Donald Trump

Texas Governor Suggests ‘Bathroom Bill' Not Coming Back

Republican Texas Gov. Greg Abbott said Wednesday he revived a "bathroom bill" targeting transgender people even though he was told it would never get a vote in the GOP-controlled state House, while signaling that the twice-failed effort is dead for the foreseeable future.

A proposal requiring transgender Texans to use public restrooms according to the gender on their birth certificates fizzled Tuesday night, when lawmakers abruptly ended a month-long special legislative session Abbott convened. It was the second time the bill has sank in Texas since May, leaving North Carolina as the only state to approve one.

Abbott blamed moderate Republican House Speaker Joe Straus, who has for months sided with powerful businesses interests in saying the bill could harm the state's economy. But the governor also admitted that Straus told him even before the special session that he would not bring the bill to the floor.

"The speaker made very clear that he opposed this bill and he would never allow a vote to be taken on it," Abbott said in an interview with Houston radio station KTRH. "He told me during the regular session that if this came up during the special session, he would not allow a vote on it. And there's no evidence whatsoever that he's going to change his mind on it."

Pushing the issue even though he knew it likely wouldn't pass still helped Abbott -- who is running for his first re-election next year -- energize social conservatives. But Straus could still be in the way when Texas lawmakers return in 2019. He has remained House speaker for a decade and has said he intends to run for a record sixth term.

Straus didn't respond to the criticism In a statement Wednesday. Instead, he thanked Abbott for working with the House on other aspects of his legislative agenda, adding the chamber "considered every idea carefully" and listened to constituents.

The first collapse of the bathroom bill in May laid bare an escalating feud in Texas between ascendant social conservatives and moderate Republicans, and the mutual distrust only seemed to deepen over summer.

Corporate heavyweights from Amazon to ExxonMobil lined up against the bathroom bill, as did police chiefs from the state's largest cities, women's groups and religious organizations. The opposition was still relentless, with opponents organizing nearly daily demonstrations at the state Capitol and threatening costly boycotts.

For Abbott, it was an unceremonious and deflating finish to a special legislative session that only he had the power to order. Other measures he championed collapsed, including taxpayer-funded vouchers that let students attend private schools.

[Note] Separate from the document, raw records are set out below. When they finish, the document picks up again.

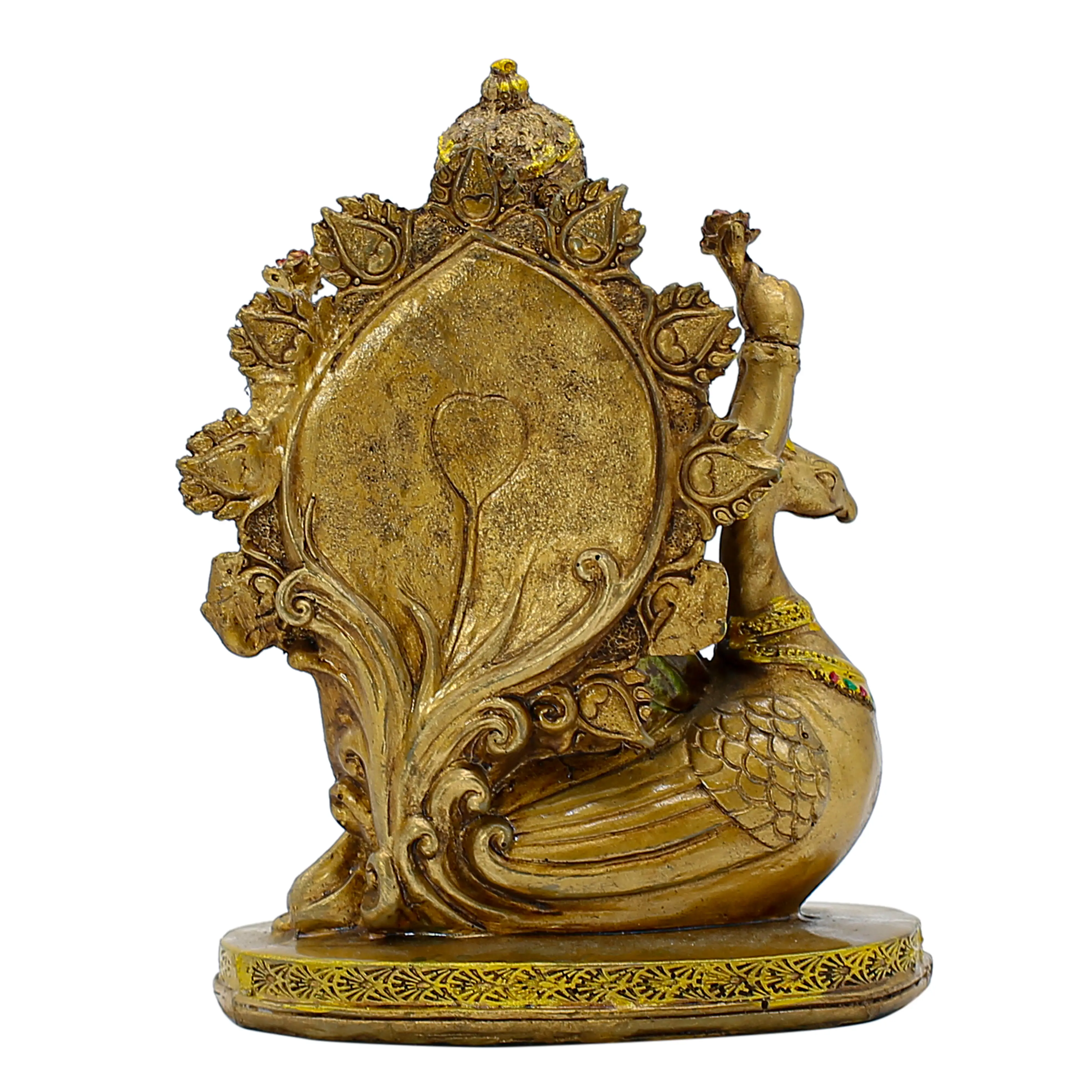 The Mount: The swan is not just a base but a character in itself, with detailed carving on its neck and wings. The tail feathers of the bird rise up behind the goddess, creating a natural, throne-like aura that frames her divine form.
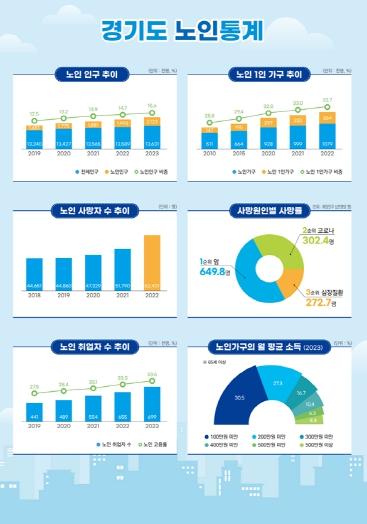 경기도는 2023년 기준으로 행정안전부의 주민등록인구 현황, 경기도의 사회조사 등 65세 이상 노인 관련 각종 통계자료를 분석한 ‘경기도 노인통계 2023’을 발간했다고 24일 밝혔다.
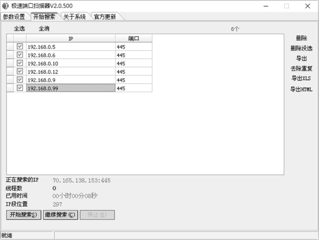 步骤 06 设置完毕后,选择“开始搜索”选项卡,单击“开始搜索”按钮,将扫描指定的IP段,最终的扫描结果如图2-10所示。
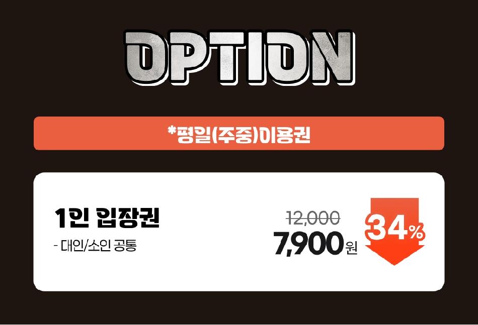 * 최소 방문 1시간 전 상품구매 (당일구매/당일사용 가능) * 현장 키오스크에서 바코드 조회 후 이용 가능
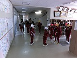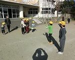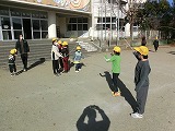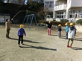 私は校庭で遊んでいる子供たちが、どのような行動をするのか注目していました。地震発生の訓練放送が流れると、まず動きを止めて放送を聞く姿勢をとりました。この時、子供たち同士の呼びかけは聞こえませんでしたが、一瞬のうちに10人はいたであろう子供たちの動きが止まりました。
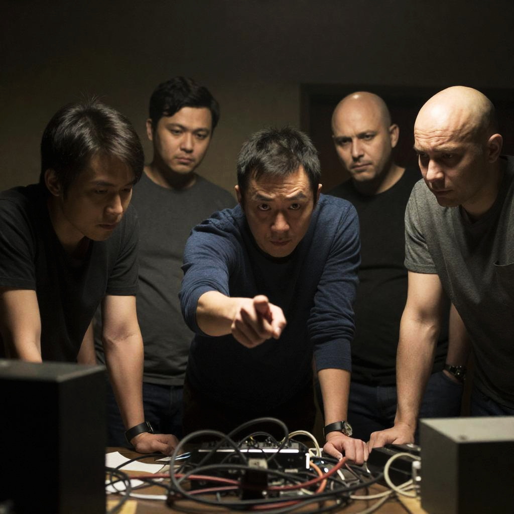 Group of five men in a cluttered, dimly-lit room with tangled wires and equipment. Central man leans forward, intense gaze, pointing. Bald men on either side, focused expressions. Man with dark hair, slightly to the left, looks down. Objects and wires in foreground, soft light from above.

The governor has the money to likely outspend anyone as he seeks re-election, but in dragging lawmakers back to work in July, he sought to punch back at criticism that he had grown disengaged and politically vulnerable -- especially to a possible challenge from the right during March's GOP primary.

The only surefire way the bathroom bill will again fail next time is if beleaguered Texas Democrats make sweeping gains in 2018 or topple Abbott. But the party still has not identified a credible candidate to run for governor, and Democratic U.S. Rep. Joaquin Castro reiterated Wednesday that it won't be him.

"I'm convinced we're going to have a strong slate of people who will step forward," said Castro, whose party has not won statewide office in Texas since 1994, the nation's longest losing streak.

Republican Lt. Gov. Dan Patrick, a firebrand who was Donald Trump's top Texas surrogate during the presidential race, was even angrier about the bathroom bill's demise. He even suggested Straus would have abandoned Texas hero William B. Travis at the battle of the Alamo in 1836.

"Thank goodness Travis didn't have the speaker at the Alamo," Patrick said. "He might have been the first one over the wall."

Patrick said big businesses that predicted bathroom bill backlash were misled.

"I respect businesses have their opinion and point of view. They were wrong," Patrick said. "All the data they had were wrong."